Improve the visual style:

Color nodes by function.
In Control Panel, select the 'Style' tab and go to the 'Node' panel.
Expand the 'Fill Color' field using the down arrow and set 'Column' to 'annotation name' which is the top field (/! not 'annotations'). Select one annotation of your choice by clicking on the white space and choose a color. Repeat for 2 more annotation names. For the current example, we have selected the top 3 enriched GO annotations 'gamma-catenin binding', 'regulation of protein serine/threonine kinase activity' and 'adherens junction organization'. Hint: the annotation names are displayed in alphabetical order.
Edge width (optional). In Control Panel, go to the 'Edge' panel. Expand the 'Width' field using the down arrow. A grah is displayed. Double click on the graph to select it and move the left and right handles up. Look at the changes on the network (suggested values are approximately 7 for the left handle and approximately 18 for the right handle). Click on OK.

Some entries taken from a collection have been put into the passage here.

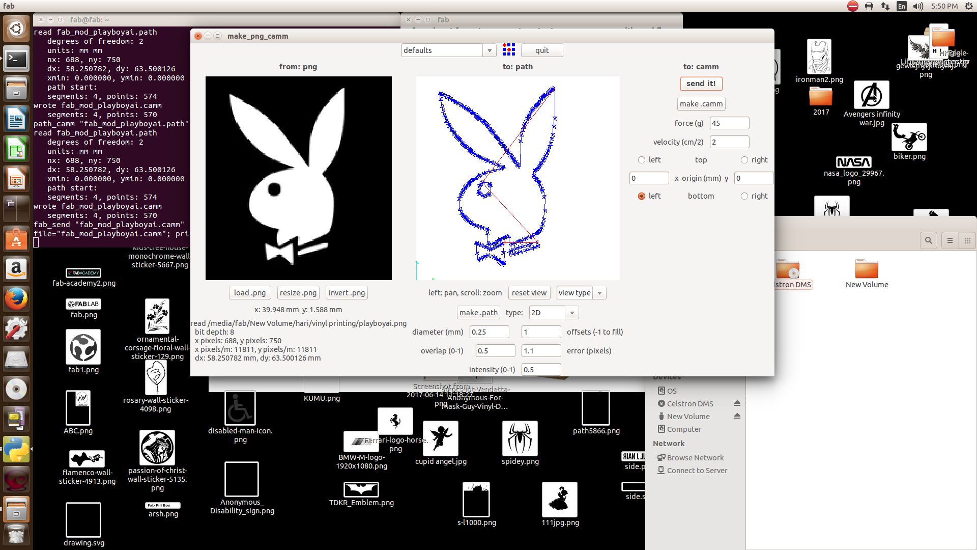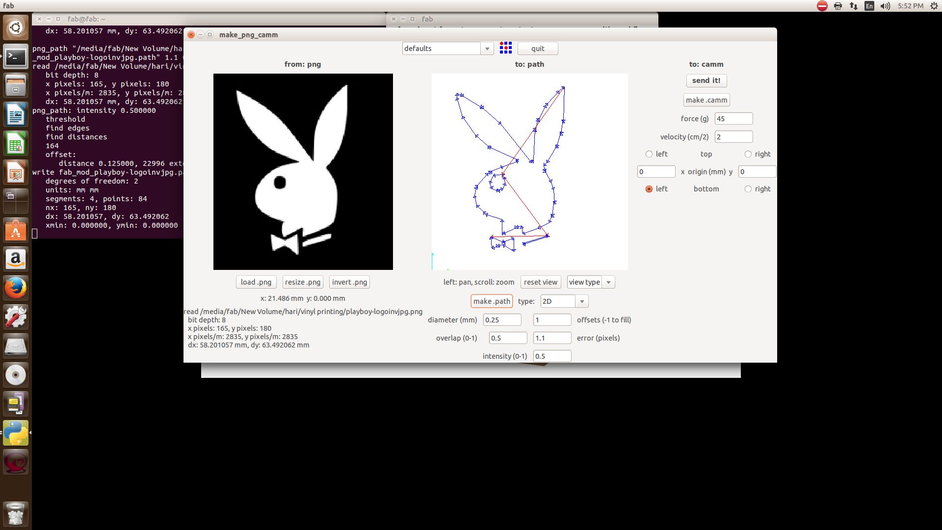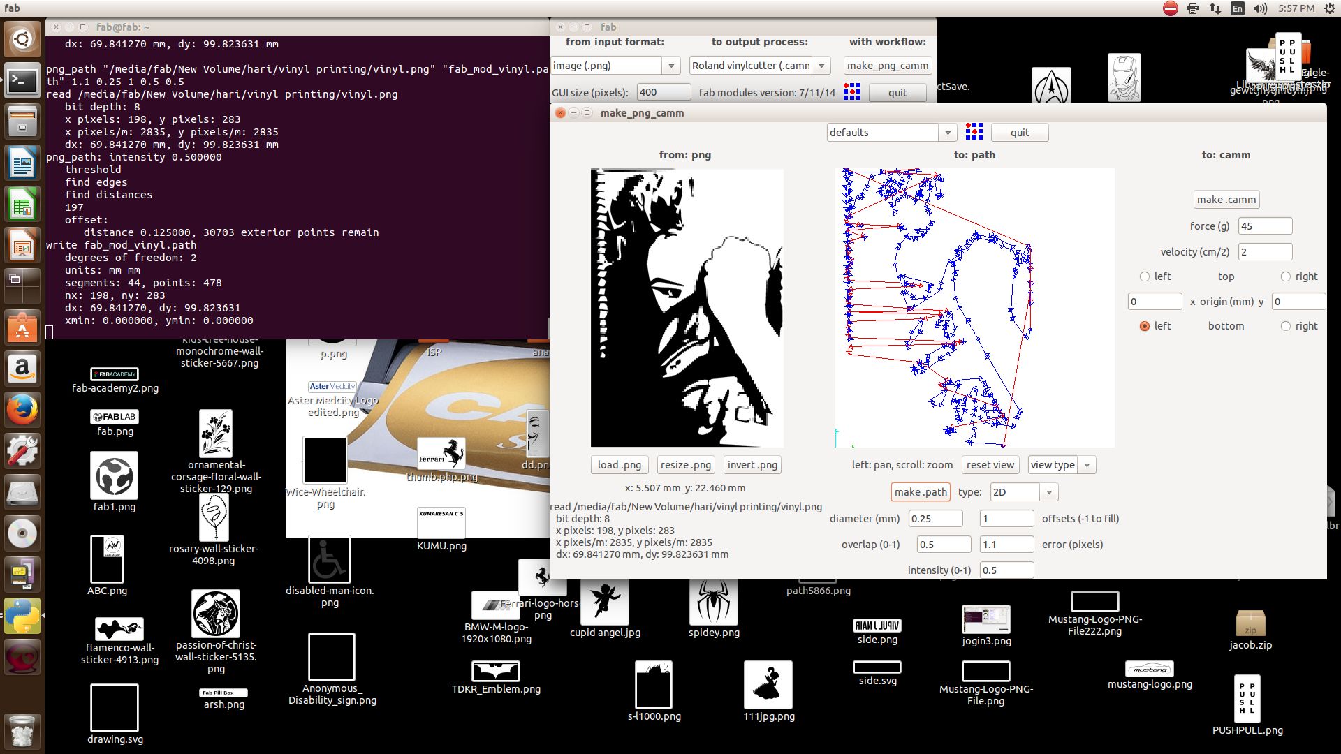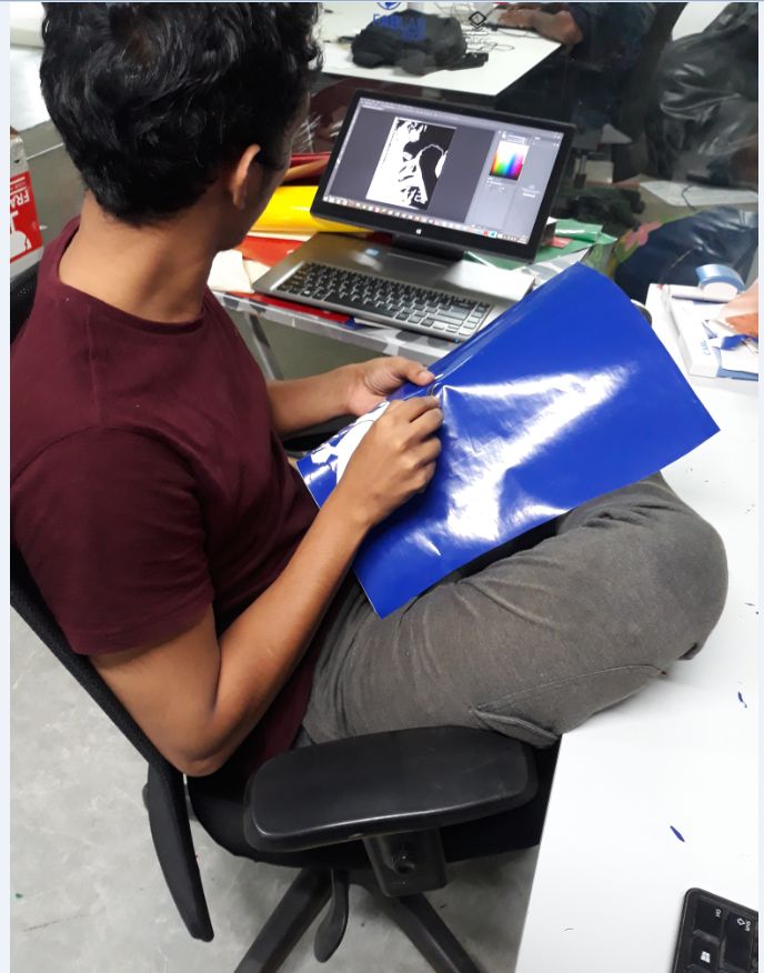 A vinyl cutter is a machine that cut the vinyl according to the design fed into the computer. A computer Controlled blade cut out the shape precisely using fab module.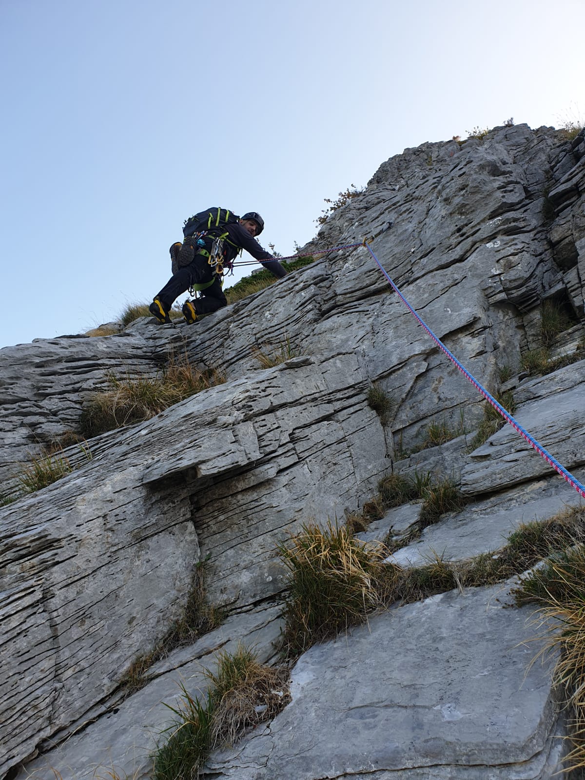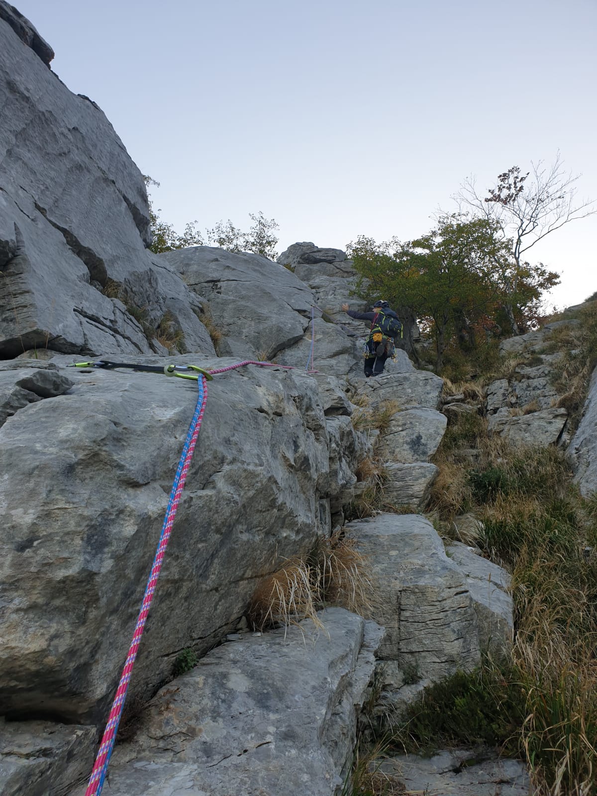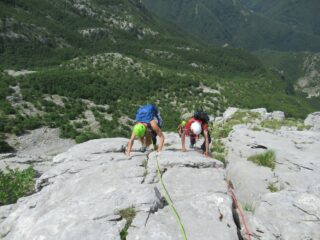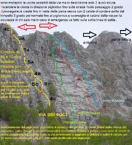 - di calarsi sulla via per sicurezza di chi sale per evitare di smuovere qualcosa ,ma per emergenza e’ possibile farlo sulla solita linea di salita .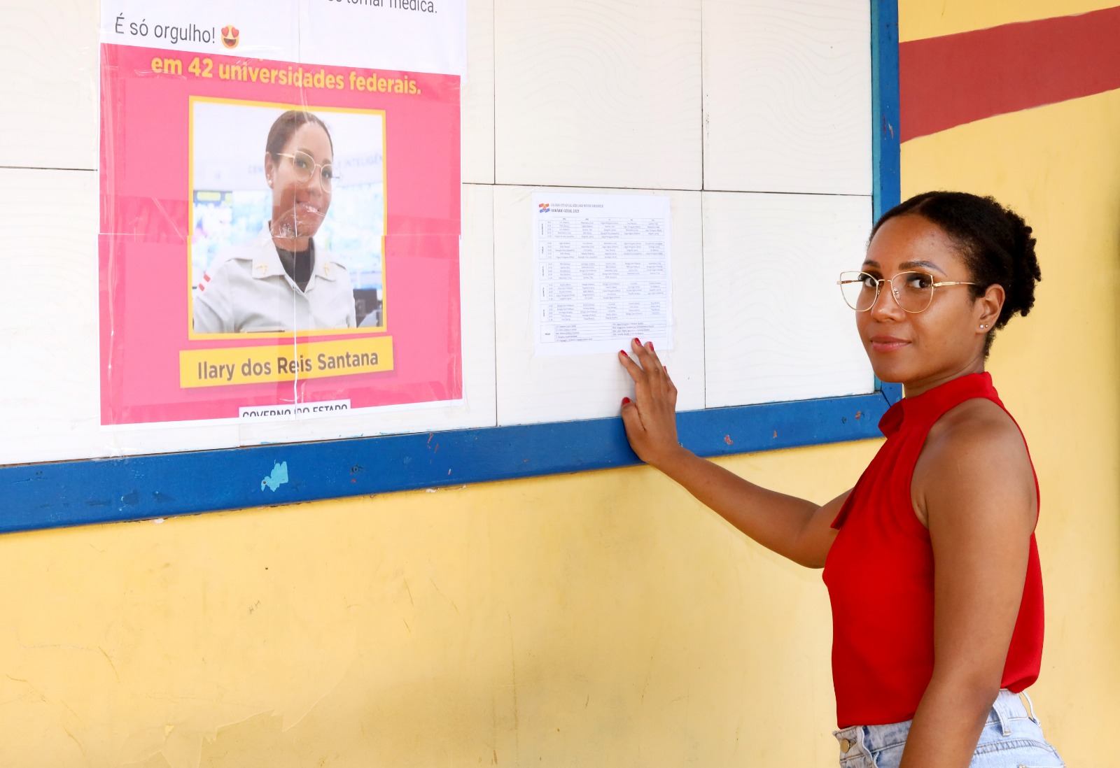 Integrante de uma família de pescadores e marisqueiras, Ilary dos Reis Santana, 23 anos, foi aprovada este ano em 42 universidades federais espalhadas pelo país e vai poder escolher uma delas para realizar o seu sonho de criança de estudar medicina. Natural de Maragogipe, no Recôncavo baiano, a futura médica, que é soldada da Polícia Militar da Bahia (PMBA), visitou o Colégio Estadual Gerhard Meyer Suerdieck, nesta quinta-feira (9), local que estudou, pela primeira vez desde que recebeu a notícia da aprovação. Ela conversou com os alunos e compartilhou suas experiências pessoais e rotina de estudo.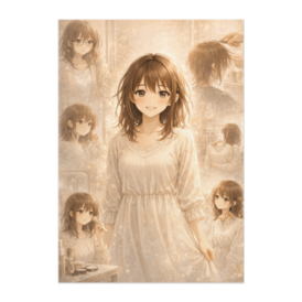 ポスター - B2この商品はpixivFACTORYで作られた商品です。サンプル画像は完成イメージのため、実物と異なる場合があります。 眼鏡の奥でうつむいていた私が、 少しずつ自分に手をかけ、 選び、向き合い、笑えるようになるまで。 このポスターは、 「変わったから価値が生まれた」のではなく、 「ちゃんと生きてきた時間すべてが今につながっている」 という想いを、一枚の物語として描いています。 派手な演出はなく、 静かでやさしい光の中で、 過去の自分も、今の自分も、 どちらも肯定できるような一枚です。 お部屋に飾ったとき、 ふとした瞬間に 「このままでいいかも」 と思える存在になれたら嬉しいです。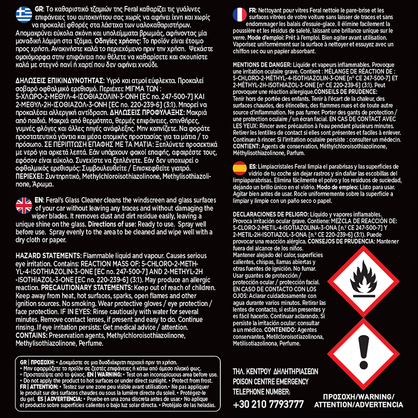 ✅ Χρησιμοποιήστε το με πανί μικροϊνών για τζάμια της Feral για τέλειο φινίρισμα.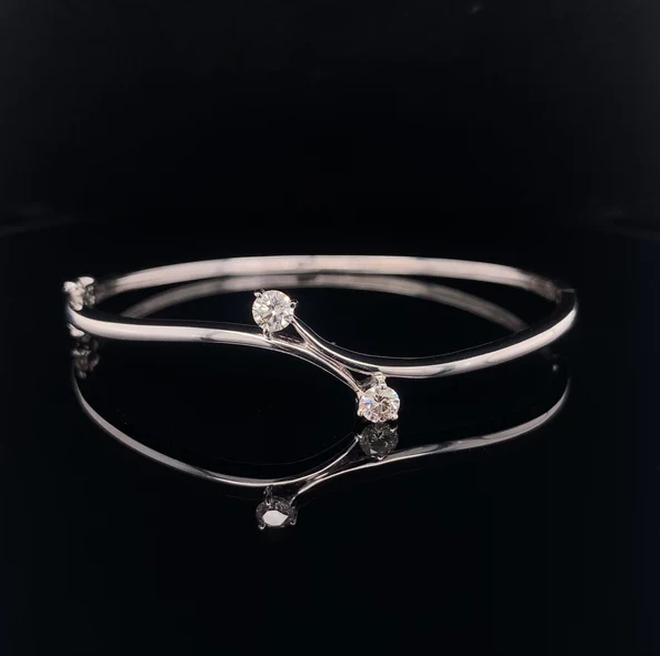 This double diamond curve bangle has been masterfully crafted in 18k white gold. This exceptional bangle features 2 diamonds totalling 0.425 carats. Stylish and elegant this bangle is perfect for ever... Read More

Create a subnetwork containing CTNNB1 and connected genes

Locate CTNNB1, use the "First neighbors of selected nodes" icon (has the shape of 2 houses) in the toolbar to highlight genes connected to CTNNB1
Create a subnetwork using the approriate icon.
How many nodes do contain this subnetwork? Hint: Go to Control Panel, Network and look at the number of nodes corresponding to your subnetwork.

Note: on the above the screenshot, the CCBN1 color of the edges were changed by bypassing the style (select the edges, right click, edit, ByPass Style, Set Bypass to Selected Edges , change color in Byp. column)

Optional part 2: Use STRING from the Network Search Bar

STRING (Search Tool for the Retrieval of Interacting Genes/Proteins) is a biological database and web resource of known and predicted protein–protein interactions.

In Cytoscape, go to Control Panel and locate and select the Network Tab in the Control Panel
Make sure 'STRING protein query' is selected in the Network Search Bar.
Type CTNNB1 in the search field.
Click the "Search Network" button
Explore the network!

Congratulations! You have reached the end of the integrated assignment.